Little influence is also exerted on the US data. The Labor Department reported that the number of Americans who first applied for unemployment benefits fell more than expected last week, suggesting that the labor market continued to strengthen, despite the restrained economic growth. Primary treatment decreased by 9,000 and a seasonally adjusted amounted to 267,000 for the week ending April 2nd. The data for the previous week were not revised. Economists forecast that initial applications fall to 270,000 last week. The number of applications for unemployment benefits now remain below 300,000, the threshold level of health-related conditions in the labor market for 57 weeks, the longest period since 1973. Strengthening labor market attracts discouraged and new job seekers, which is likely to continue to moderate growth of wages and allow the Fed to maintain its policy of gradually raising interest rates.
In addition, it became known that the gold reserves in the largest investment fund SPDR Gold Trust rose yesterday by 0.51% to 819.60 tons, registering the first inflow of nearly two weeks.
April futures price of gold on COMEX today rose to $ 1240.5 per ounce.
According to data released by the People's Bank of China (PBoC) on Thursday, China's foreign-exchange reserves increased by $10.26 billion to $3.21 trillion in March, after a drop by $28.57 billion in February. It was the first rise in five months.

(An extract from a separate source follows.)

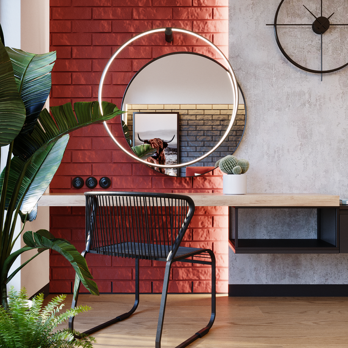 Ogromnie ważny element w aranżacji każdej sypialni stanowią też same ściany. Ich kolor i tekstura nadają ostatecznego charakteru wnętrzu. W naszym pomieszczeniu tynk betonowy oraz cegła w czerwonym kolorze świetnie kontrastują ze sobą, oświetlone dodatkowo paskiem LED. Ozdobę ściany stanowi również zegar oraz lustro z oświetleniem. Świetny efekt tworzą też odpowiednio dobrane drzwi bezprzylgowe, pomalowane na kolor ściany. Pomieszczenie wygląda wówczas na większe i jaśniejsze.

The U.S. Labor Department released its jobless claims figures on Thursday. The number of initial jobless claims in the week ending April 02 in the U.S. decreased by 9,000 to 267,000 from 276,000 in the previous week. Analysts had expected jobless claims to decline to 270,000.
Jobless claims remained below 300,000 the 57th straight week. This threshold is associated with the strengthening of the labour market.
Continuing jobless claims increased by 19,000 to 2,191,000 in the week ended March 26.
The Fed released its March monetary policy meeting minutes on Wednesday. The Fed kept its interest rate unchanged in March. Fed officials noted the Fed should be cautious in rising its interest rate further.
"Several members expressed the view that a cautious approach to raising rates would be prudent or noted their concern that raising the target range as soon as April would signal a sense of urgency they did not think appropriate," the minutes said.
According to the minutes, global economic and financial developments posed risks to the U.S. economy.
"A number of participants judged that the headwinds restraining growth and holding down the neutral rate of interest were likely to subside only slowly," the minutes said.
Two Fed officials wanted to hike interest rate in March. The Fed did not identify one official. The other official was Kansas City Fed President Esther George. She wanted a 25 basis point increase.